Furthermore, the name “Volleyball” was first used in 1896 at an exhibition at the International YMCA Training School in Springfield, Mass. Volleyball was a game made up of putting some aspects of basketball, tennis, and handball. 1922 was when the YMCA held its first national championship of the game.
Softball, a trendy game for all, and later even a game the women would participate in, was given its name by a motion of Walter Hakanson of the Denver YMCA. Softball had been played previously under different names such as; kittenball and even sissyball. The “Y” would even go as far as helping establish some of the rules used today. In 1933 the first Amateur Softball Association was formed, and the Denver YMCA team participated. The game was held in Chicago.

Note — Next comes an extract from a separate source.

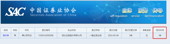 不过,中国证券业协会(下称“中证协”)的个人公示信息显示,魏先锋有一条“违法失信”信息。一时间,信达证券也因聘任有“违法失信”履历人员而引发外界争议。无独有偶,券商中国记者日前也收到举报邮件称金元证券聘任有“违法失信”信息记录的高管。

Learning how to bo for self defense was also a class held at the “Y”. Furthermore during the Great War, The U.S. Armed Forces appointed the YMCA to help train American soldiers’ how to box. After the war some of the participants that trained at the “Y” competed in amateur boxing matches.
The last sort that I will cover is swimming. Once the pools were added, it seemed like everyone wanted lessons. Many people at the time lived around ponds and lakes and didn’t know how to swim, and it could be hazardous if they fell in. Around 1906 George Corsan developed a course for mass swimming lessons. He was located at the Detroit YMCA. By his instruction, he started with the crawl stroke {such as dog paddling. He taught this on land first to help build confidence. Before he started teaching, pupils were shown in the pool itself, and many got so frightened that they never learned to swim. When taught in the pool first, the crawl was never shown till later. Corsan gave out buttons as a boy progressed and swam up to 50 feet. He would attempt a campaign in 1909 to teach every boy in the United States and Canada to swim. Swimming was a great form of exercise, and was one of the most popular classes.

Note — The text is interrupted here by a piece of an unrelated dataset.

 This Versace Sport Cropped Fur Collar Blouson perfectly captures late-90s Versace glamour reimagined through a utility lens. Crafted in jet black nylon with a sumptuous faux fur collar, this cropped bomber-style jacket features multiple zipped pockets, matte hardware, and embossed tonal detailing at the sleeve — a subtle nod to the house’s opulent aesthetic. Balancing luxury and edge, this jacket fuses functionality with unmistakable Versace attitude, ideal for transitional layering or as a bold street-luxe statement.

By 1932 there were more than 1 million swimmers a year at the YMCA, and by 1984 it was declared that YMCAs were collectively, the largest operators of pools in the world. A man named George Goss wrote the first handbook on lifesaving. A YMCA board member who in the early 1900s propelled the Red Cross to include lifesaving; instruction in its disaster and wartime services program.
A Worldwide Organization
Since the start of the YMCA, it has brought comfort, instruction, health, and fellowship to so many. Moreover, it became so popular with the men; that women later started their own chapters as the YWCA. They have always been there whenever needed. During wartimes, the “Y” helped give assistance where it was needed, by feeding, taking care of the sick, and even providing child care. Interesting fact, today’s YMCA movement is the largest not-for-profit provider of child care,and is larger than any for-profit chain in the country.
They made sure that America would have a place to exercise. They held classes to teach people to read, write, and learn English as a second language if they were immigrants.
Over 120 countries have established YMCAs; that benefit the well-to-do and the people from the poorest regions.
As a child, I never got the chance to go to the “Y,” because my town didn’t have one. I feel like I have missed out. If you and your family are fortunate to have a “Y”, become a member, make new friends, learn something new, and support an organization that only wants to help others!
Thanks again for reading my blog, and remember that history that is forgotten is repeated!